- Country: Iran and Iraq
- Current region: Khuzestan and Lower Mesopotamia
- Place of origin: Iran and Iraq
- Members: Jabbar Choheili, Salah Choheili, Najah Choheili, Salem Choheili, Brikha Nasoraia
- Connected members: Taleb Doraji
- Connected families: Khaffagi family
- Traditions: Mandaean priestly family

= Choheili family =

Mandaean family

Choheili or Chohaili (چحیلی; الكحيلي, Al-Kuhaili or Al-Kuhailia; ࡊࡅࡄࡀࡉࡋࡉࡀ) is an Iranian and Iraqi Mandaean surname or family name. The Choheili (Kuhailia) family has produced many Mandaean priests. Notable people with the surname include:

- Jabbar Choheili (1923–2014), Mandaean priest from Iran
- Salah Choheili (born 1952), Mandaean priest in Australia
- Najah Choheili, Mandaean priest in Iran
- Salem Choheili (born 1935), a shganda and yalufa (learned Mandaean layman) in Ahvaz, Iran

Mandaean priest and professor Brikha Nasoraia also belongs to the Choheili family. Ganzibra Taleb Doraji of Ahvaz is also connected to the Choheili family. Members of the Choheili family can trace their ancestry back to Adam Zakia, the father of Bihram Bar-Hiia, who lived around 1500 A.D.
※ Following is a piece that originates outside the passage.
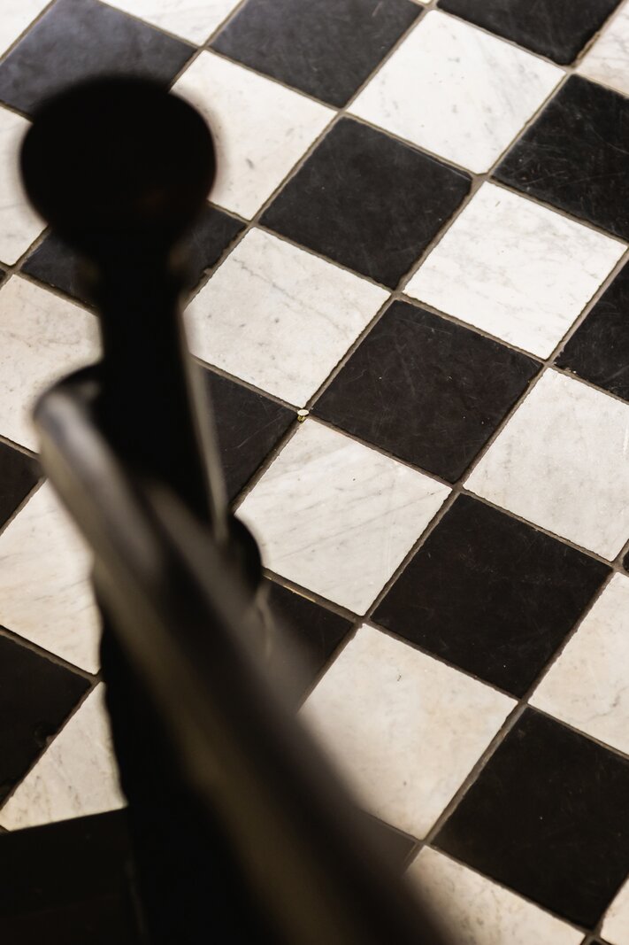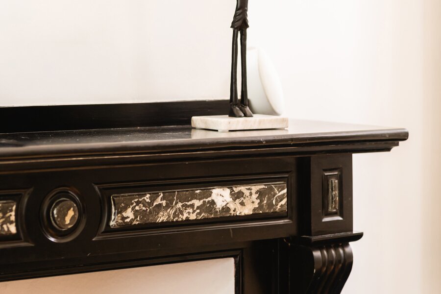 Elegante, authentieke trap naar +1, met vooraan één slaapkamer, opnieuw met marmeren schouwmantel en extra ruimte voor dressing of bureau, en de tweede slaapkamer, ook op de nog originele plankenvloer en de badkamer (dubbele lavabo, bad, toilet, inloopdouche).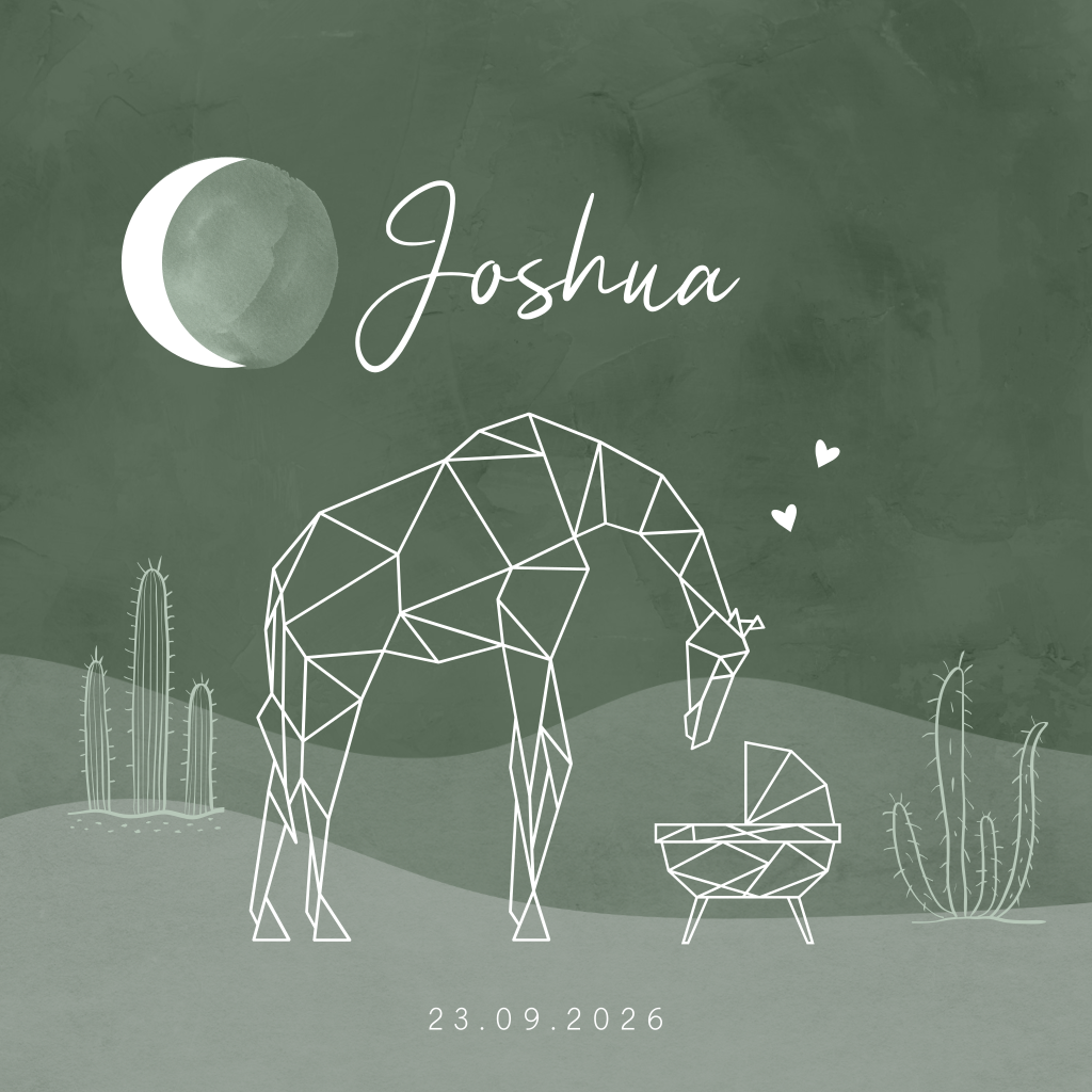 Op dit jongenskaartje zie je een geometrische giraffe, kijkend in het wiegje. Cactussen, een glooiend landschap, de maan en hartjes maken een prachtig geheel voor de trendy groene velvetlook achtergrond. Teksten, kleuren en lettertypes kun je eenvoudig aanpassen in de editor. Specifieke wensen of hulp nodig? Bel, mail of chat gerust, we helpen je graag!

19th-century Mandaean priest Yahya Bihram's uncle Yahya Yuhana, of the Kuhailia (Choheili) clan, was a prominent copyist and ganzibra.

==In Mandaean colophons==
Kuhailia scribes from the 15th to 17th centuries who are mentioned in the colophons of Mandaean texts include:

- Baktiar br Adam Mhatam, Kuhailia
- Bihram BrHiia br Adam Zakia, Kuhailia (the elder, ; one of the earliest known ancestors of the Kuhailia clan
- Bihram BrHiia br (Adam) Baktiar, Kuhailia (the younger; nephew of Bihram BrHiia, above)
- Mhatam Zihrun br Baktiar/Yahia BrHiia, Kuhailia (husband of Yasmin Mudalal; uncle of Bihram BrHiia the elder)
- Ram Kuhailia
- Ram Yuhana br Yahia Baktiar, Kuhailia (c. 1580)
- Yahia Yuhana br Ram, Kuhailia (brother of Zakia Zihrun; )
- Zakia Zihrun br Ram Kuhailia (brother of Yahia Yuhana br Ram; )
- Yahia br Adam Kuhailia

==Neo-Mandaic==
Most prominent members of the Choheili family (including Rishama Salah Choheili and Salem Choheili), along with their family members, are fluent native speakers of Neo-Mandaic.